TASK PROMPT:
Return the data below exactly, please, but drop the pictures.

[[ DATASET RECORDS open ]]

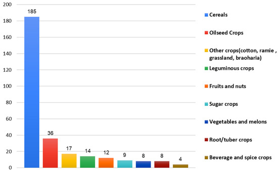 Wheat (including durum wheat), maize, and rice emerge as highly studied crops, not only within the cereal category, but also overall. Additionally, oilseed crops, with soybeans leading the way, also receive significant attention in scientific publications. On the other hand, the fruits and nuts category along with vegetables and melons appeared to be the least researched category in terms of publications. It is noted that the category “Grass crops” comprises various crops, including Bachiaria pastures, Grassland, Miscanthus, perennial bioenergy grass, and ryegrass. Similarly, the category of “tomato” also includes research on processing tomato crops (Figure 6).
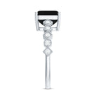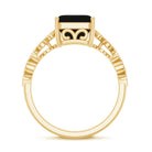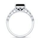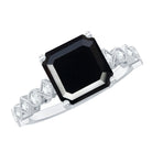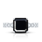 Genuine Black Onyx 8mm Asscher Cut Engagement Ring with Diamond
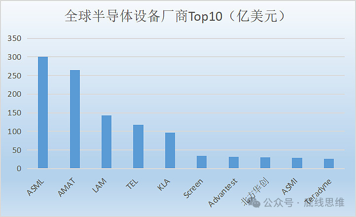 最后介绍下全球芯片设备企业。2023年,中国首次有芯片设备企业历史性地进入全球前十,北方华创营收220.79亿人民币(约30亿美元),排第八位。荷兰的ASML以约300亿美元营收排第一,美国应用材料、泛林、科磊三家制裁依靠的核心企业分别排第二、第三、第五,日本东京电子第四。前五营收明显高于其他企业。日本的迪恩士、爱德万分列第六、第七,荷兰ASMI第九,美国泰瑞达第十。要进入前十,年营收门槛为26亿美元。
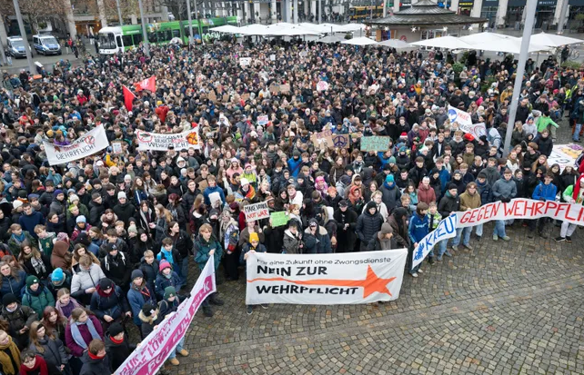 Вчера утром в ряде городов Германии прошли митинги, организованные общенациональными молодёжными организациями. Поводом для протестов послужила реформа военной службы, которая предусматривает заполнение всеми 18-летними юношами анкет о состоянии здоровья и готовности пройти добровольную службу в вооружённых силах. Несмотря на то, что пока не идёт речи о возвращении всеобщей воинской повинности, молодёжь обеспокоена возвращением к призывной службе.
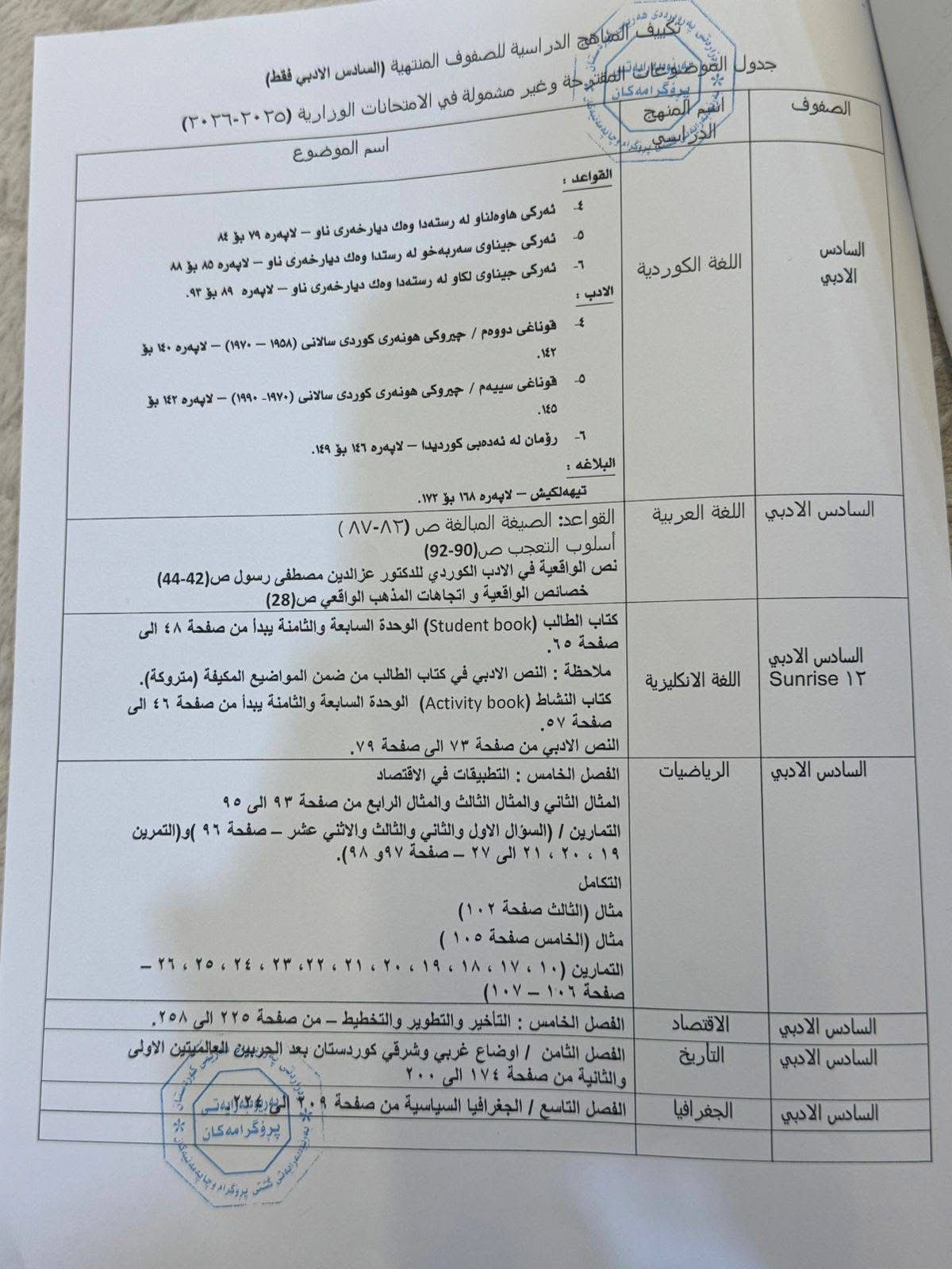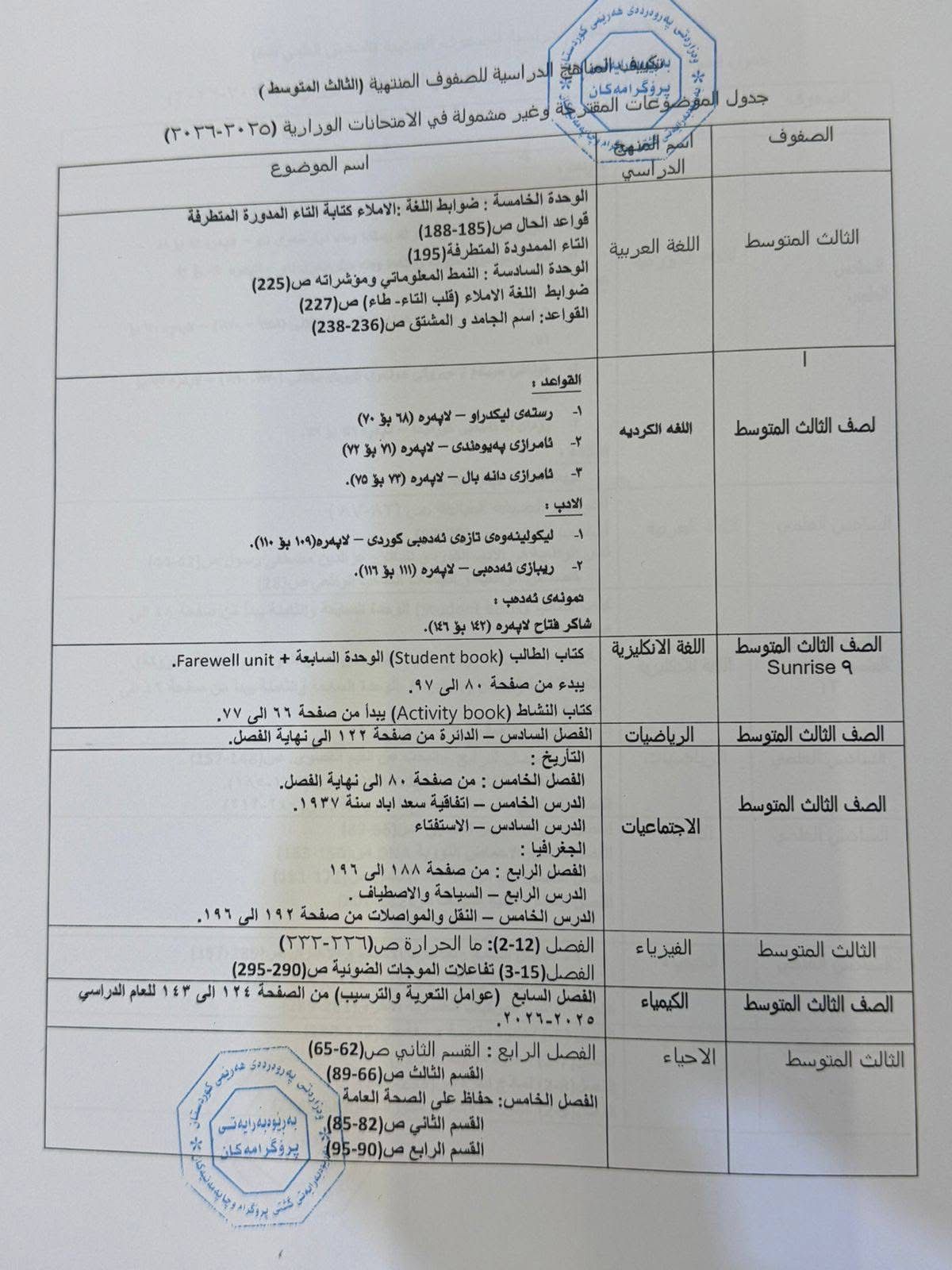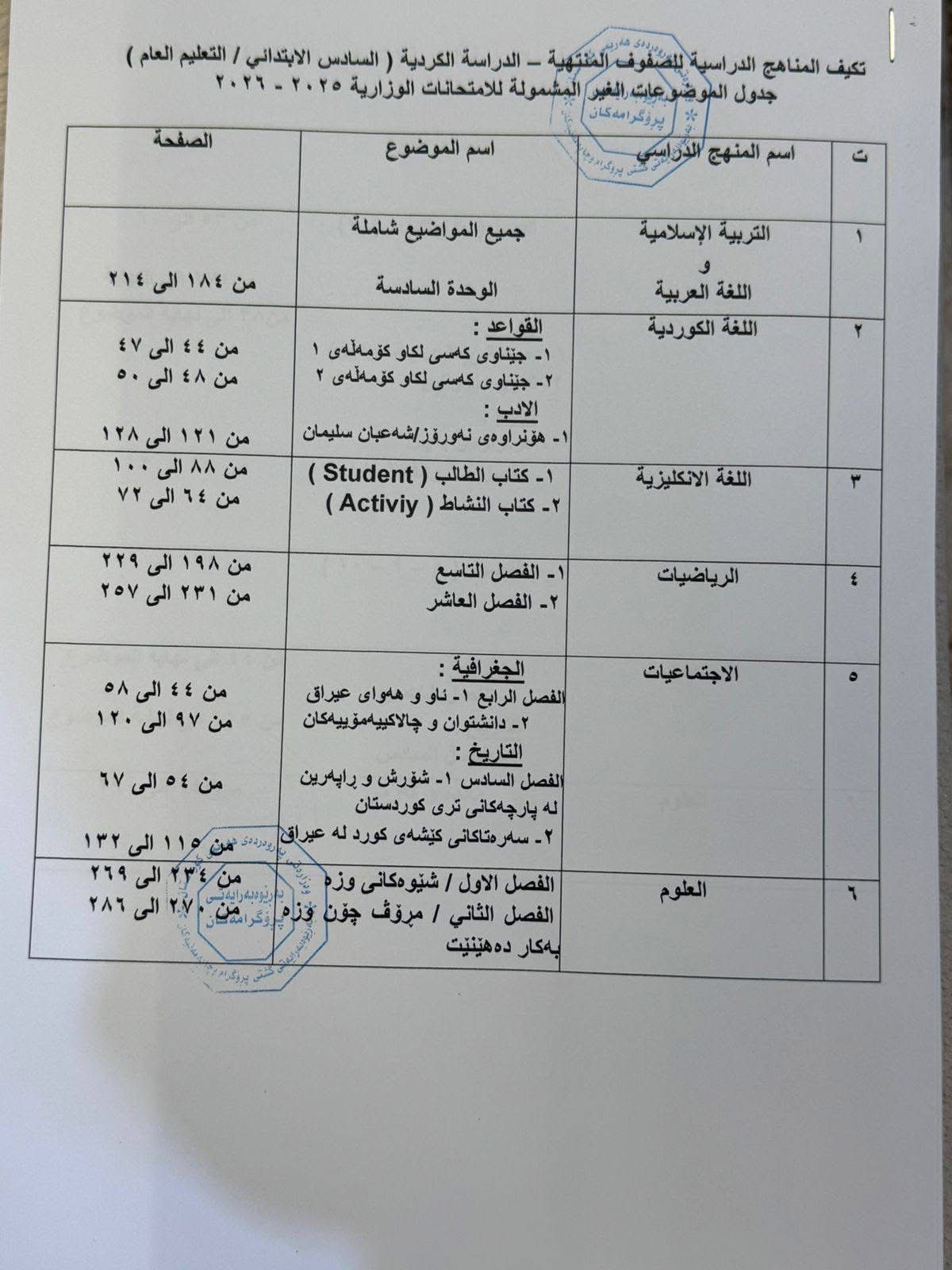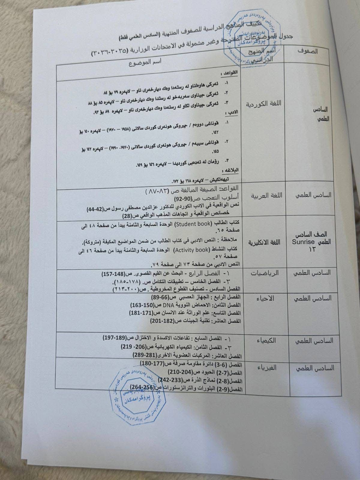 هەر بەگوێرەی نووسراوەکە بەڕێوەبەری خوێندنی کوردی لە میانی سەردانێکی مەیدانیدا بۆ وەزارەتی پەروەردەی عێراق، رەزامەندی کۆتایی لەسەر کورتکردنەوەی بابەتەکان وەرگرت.
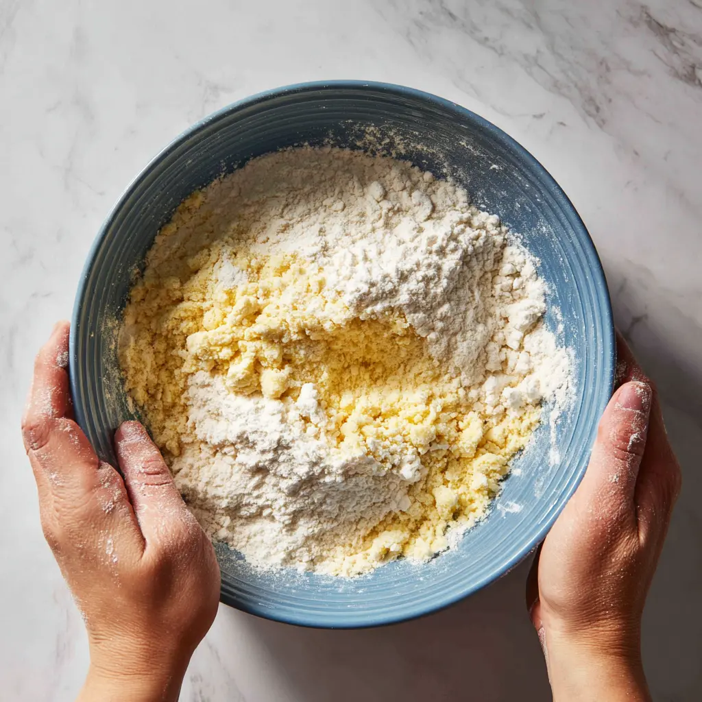 - Cut in Butter: Add the cold butter cubes to the flour mixture. Using a pastry blender, your fingertips, or a food processor, cut the butter into the flour until the mixture resembles coarse meal with some pea-sized pieces of butter remaining.
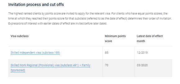 非熱門專業189邀請85分獲邀,邀請到2019年12月遞交的申請;491偏遠地區親屬擔保70分獲邀,邀請到2020年3月遞交的申請。
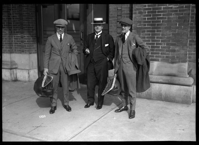 Keywords: blackandwhite monochrome photo border black and white Mr. Con Jones with Lalonde and Dandurand VPL Accession Number: 35177 Date: 1912 Photographer/Studio: Thomson, Stuart Content: 'Famous promoter, Con Jones, who built Callister Park, imported Newsy Lalonde (for reported $3,500) left, and Leo Dandurand from east in 1912, the year Vancouver won world lacrosse championship. Lalonde was voted outstanding lacrosse star of last 50 years. Dandurand was later president of both Montreal Canadiens Hockey Club and Alouettes Football club' from Vancouver Sun Jan. 11, 1956 Topic: Lacrosse Sports Men's clothing Hats Person: Jones, Con, d. 1942 Lalonde, Edouard Cyrille (Newsy), 1887-1970 Dandurand, Joseph Viateur (Leo), 1889-1964 Location: British Columbia - Vancouver More information on our historical photograph collection: www.vpl.ca/historicalphotos Mr. Con Jones with Lalonde and Dandurand VPL Accession Number: 35177 Date: 1912 Photographer/Studio: Thomson, Stuart Content: 'Famous promoter, Con Jones, who built Callister Park, imported Newsy Lalonde (for reported $3,500) left, and Leo Dandurand from east in 1912, the year Vancouver won world lacrosse championship. Lalonde was voted outstanding lacrosse star of last 50 years. Dandurand was later president of both Montreal Canadiens Hockey Club and Alouettes Football club' from Vancouver Sun Jan. 11, 1956 Topic: Lacrosse Sports Men's clothing Hats Person: Jones, Con, d. 1942 Lalonde, Edouard Cyrille (Newsy), 1887-1970 Dandurand, Joseph Viateur (Leo), 1889-1964 Location: British Columbia - Vancouver More information on our historical photograph collection: www.vpl.ca/historicalphotos |
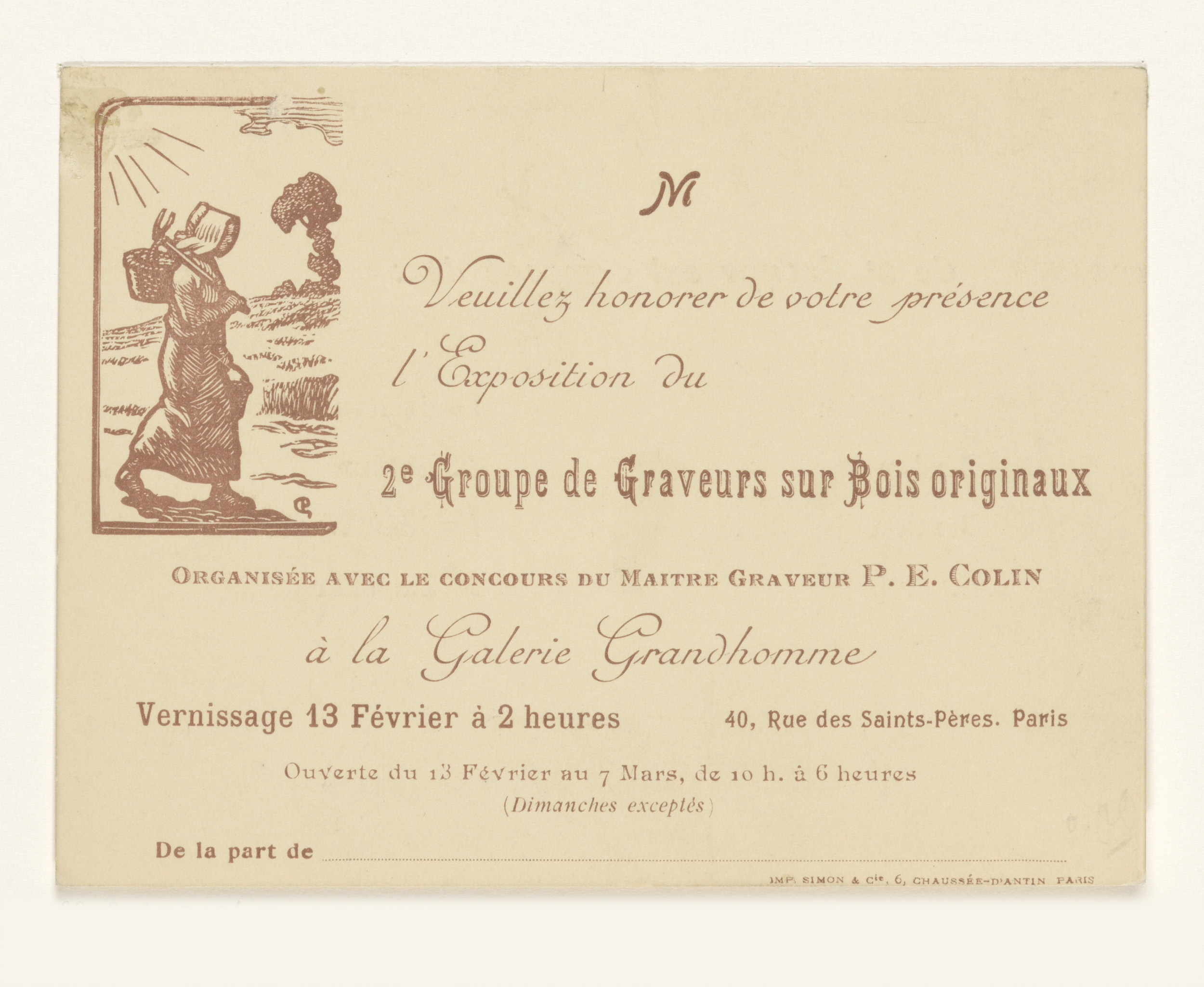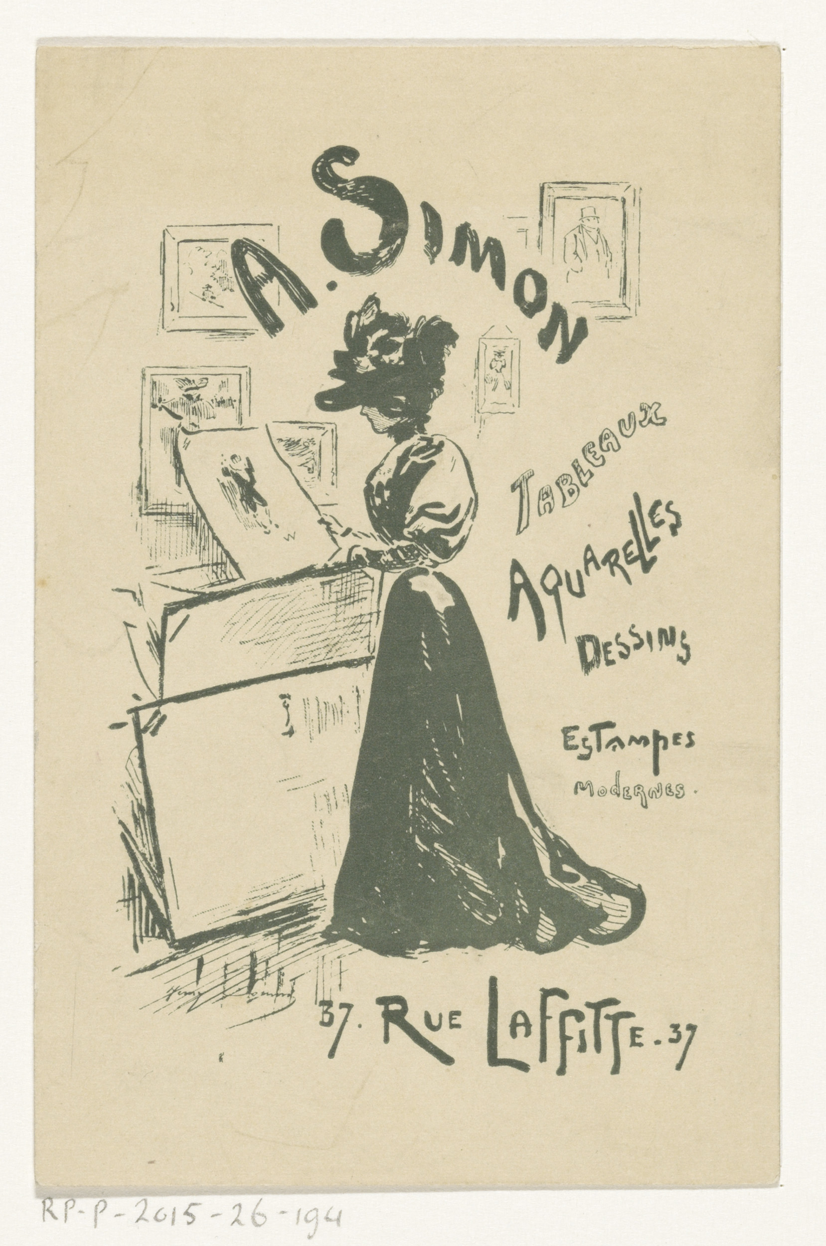 Visitekaartje van kunsthandel A. Simon te Parijs

[[ DATASET RECORDS closed ]]

OUTPUT OF THE EXERCISE:
 Wheat (including durum wheat), maize, and rice emerge as highly studied crops, not only within the cereal category, but also overall. Additionally, oilseed crops, with soybeans leading the way, also receive significant attention in scientific publications. On the other hand, the fruits and nuts category along with vegetables and melons appeared to be the least researched category in terms of publications. It is noted that the category “Grass crops” comprises various crops, including Bachiaria pastures, Grassland, Miscanthus, perennial bioenergy grass, and ryegrass. Similarly, the category of “tomato” also includes research on processing tomato crops (Figure 6).
 Genuine Black Onyx 8mm Asscher Cut Engagement Ring with Diamond
 最后介绍下全球芯片设备企业。2023年,中国首次有芯片设备企业历史性地进入全球前十,北方华创营收220.79亿人民币(约30亿美元),排第八位。荷兰的ASML以约300亿美元营收排第一,美国应用材料、泛林、科磊三家制裁依靠的核心企业分别排第二、第三、第五,日本东京电子第四。前五营收明显高于其他企业。日本的迪恩士、爱德万分列第六、第七,荷兰ASMI第九,美国泰瑞达第十。要进入前十,年营收门槛为26亿美元。
 Вчера утром в ряде городов Германии прошли митинги, организованные общенациональными молодёжными организациями. Поводом для протестов послужила реформа военной службы, которая предусматривает заполнение всеми 18-летними юношами анкет о состоянии здоровья и готовности пройти добровольную службу в вооружённых силах. Несмотря на то, что пока не идёт речи о возвращении всеобщей воинской повинности, молодёжь обеспокоена возвращением к призывной службе.
 هەر بەگوێرەی نووسراوەکە بەڕێوەبەری خوێندنی کوردی لە میانی سەردانێکی مەیدانیدا بۆ وەزارەتی پەروەردەی عێراق، رەزامەندی کۆتایی لەسەر کورتکردنەوەی بابەتەکان وەرگرت.
 - Cut in Butter: Add the cold butter cubes to the flour mixture. Using a pastry blender, your fingertips, or a food processor, cut the butter into the flour until the mixture resembles coarse meal with some pea-sized pieces of butter remaining.
 非熱門專業189邀請85分獲邀,邀請到2019年12月遞交的申請;491偏遠地區親屬擔保70分獲邀,邀請到2020年3月遞交的申請。
 Keywords: blackandwhite monochrome photo border black and white Mr. Con Jones with Lalonde and Dandurand VPL Accession Number: 35177 Date: 1912 Photographer/Studio: Thomson, Stuart Content: 'Famous promoter, Con Jones, who built Callister Park, imported Newsy Lalonde (for reported $3,500) left, and Leo Dandurand from east in 1912, the year Vancouver won world lacrosse championship. Lalonde was voted outstanding lacrosse star of last 50 years. Dandurand was later president of both Montreal Canadiens Hockey Club and Alouettes Football club' from Vancouver Sun Jan. 11, 1956 Topic: Lacrosse Sports Men's clothing Hats Person: Jones, Con, d. 1942 Lalonde, Edouard Cyrille (Newsy), 1887-1970 Dandurand, Joseph Viateur (Leo), 1889-1964 Location: British Columbia - Vancouver More information on our historical photograph collection: www.vpl.ca/historicalphotos Mr. Con Jones with Lalonde and Dandurand VPL Accession Number: 35177 Date: 1912 Photographer/Studio: Thomson, Stuart Content: 'Famous promoter, Con Jones, who built Callister Park, imported Newsy Lalonde (for reported $3,500) left, and Leo Dandurand from east in 1912, the year Vancouver won world lacrosse championship. Lalonde was voted outstanding lacrosse star of last 50 years. Dandurand was later president of both Montreal Canadiens Hockey Club and Alouettes Football club' from Vancouver Sun Jan. 11, 1956 Topic: Lacrosse Sports Men's clothing Hats Person: Jones, Con, d. 1942 Lalonde, Edouard Cyrille (Newsy), 1887-1970 Dandurand, Joseph Viateur (Leo), 1889-1964 Location: British Columbia - Vancouver More information on our historical photograph collection: www.vpl.ca/historicalphotos |
 Visitekaartje van kunsthandel A. Simon te Parijs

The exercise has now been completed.